Oral argument signals
After oral argument, the full transcript is read and digested. The digest records the lines of questioning each Justice pursued, the pressure points each advocate faced, and the tensions that emerged at argument but were not visible from the briefs alone. By policy, the digest does notrecord per-Justice leanings or vote estimates — the Tenth Seat does not predict how individual Justices will vote.
Precedent analysis & citation verification
Every precedent cited in the briefs is retrieved in full text from an authoritative source — the Library of Congress for the U.S. Reports, supremecourt.gov for slip opinions, the official reporters for lower-court decisions. Each is analyzed for its holding, its reasoning, the proposition it stands for, the side it favors as a matter of doctrine, and the strongest counter- reading.
Citation hallucination — quoting a case for something it does not actually say — is the single largest credibility risk in this work. The Tenth Seat treats it as non-negotiable. Every quotation that appears in the published opinion or dissent is keyed back to the verified reporter page, and that verification log is published under Sources & Verification.
Majority opinion & dissent
From the synthesis, the oral argument digest, and the verified precedent analysis, the Tenth Seat drafts a majority opinion and a dissent. The two are produced as independent artifacts — not as a single voice presenting both sides, but as two voices written with the same craft, each given the best version of its argument. Both follow the form of a slip opinion: a syllabus where appropriate, a statement of facts, a doctrinal analysis, and a disposition.
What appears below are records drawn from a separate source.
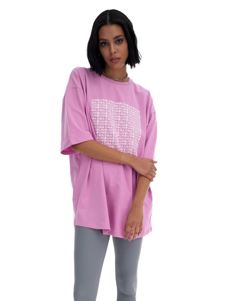 Футболка в розово-фиолетовом оттенке с принтом в виде квадрата из надписей UNO MAS UNO и смайликов. С велюр эффектом.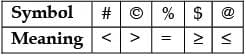 Directions: In the following questions, the symbols @, #, %, $ and © are used with the following meaning as illustrated below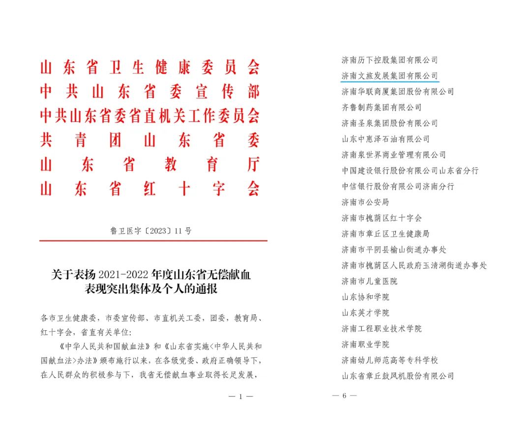 近日,山東省衛(wèi)生健康委員會、山東省委宣傳部、山東省委省直機關(guān)工作委員會、共青團山東省委、山東省教育廳、山東省紅十字會六部委聯(lián)合發(fā)文《關(guān)于表揚2021-2022年度山東省無償獻血表現(xiàn)突出集體及個人的通報》,濟南文旅集團獲“山東省無償獻血組織表現(xiàn)突出單位”榮譽稱號。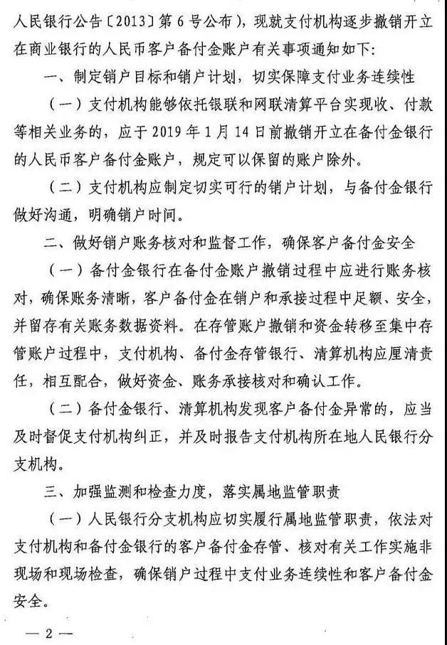 2018年11月底,中国人民银行支付结算司下发《关于支付机构撤销人民币客户备付金账户有关工作的通知》特急文件,规定支付机构应于2019年1月14日前撤销人民币客户备付金账户。
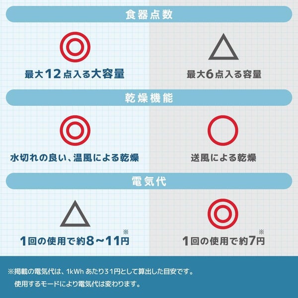 | 庫内の有効使用スペース(食器カゴ基準) | 幅220×高さ205×奥行205(mm)(トレイを設置する場合) 幅220×高さ245×奥行205(mm)(トレイを設置しない場合) |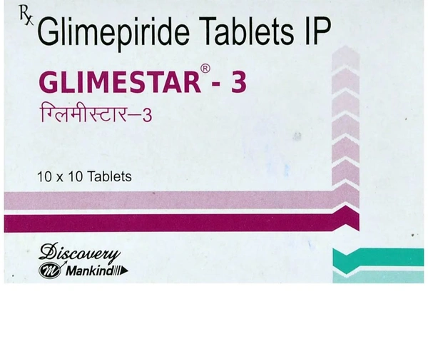 Glimestar 3 mg Tablet is used to lower raised blood sugar levels in Type 2 diabetes mellitus (non-insulin-dependent diabetes mellitus - NIDDM). It contains Glimepiride which acts on insulin-secreting cells called beta cells inside the pancreas and activates calcium channels on cells which lets insulin pass out of the cell. This insulin then makes each cell in the body take up glucose and utilize it, thus lowering raised blood glucose. It may cause side effects such as allergic reaction (skin rash, hives, sensitivity to sun rays), liver dysfunction (jaundice, bile duct blockage, and hepatitis), seizures, or low glucose levels. Before taking this medicine, you should tell your doctor if you are allergic to any of its components or if you are pregnant/breastfeeding, and about all the medications you are taking and pre-existing medical conditions.

Neither opinion identifies an author. The majority is the opinion of the Court; the dissent is the dissent. The point is the reasoning, not a personality.
Discipline
Neutrality
The Tenth Seat does not have a politics. It does not write to a result. The majority and the dissent are each given the strongest version of their case, and the choice of which becomes the majority is made on the merits as the Tenth Seat reads them — not to balance against the Court, the news cycle, or any prior opinion.
The institution, not the individuals
The Tenth Seat models the Supreme Court as an institution. It does not impersonate Chief Justice Roberts, Justice Kagan, or any sitting Justice. It does not estimate vote counts. When the Court rules and the Tenth Seat publishes its comparison, the comparison is doctrinal, not predictive.
Pre-publication gates
Before any opinion is published, it passes a fixed set of gates: every citation verified against the underlying reporter page; every direct quotation matched against full text; no quotation attributed to a source where the quoted language cannot be located; no characterization of a Justice’s likely vote; and the opinion and dissent each given the strongest version of their argument.
Comparison & correction
When the Court rules, the Tenth Seat publishes a comparison within seven days. The comparison is doctrinal: where the reasoning aligned, where it diverged, which precedents the Court relied on that the Tenth Seat did not (and vice versa), and what the Tenth Seat got wrong. Errors of fact, citation, or reasoning are recorded as errata against the original opinion. The opinion itself is not edited after publication.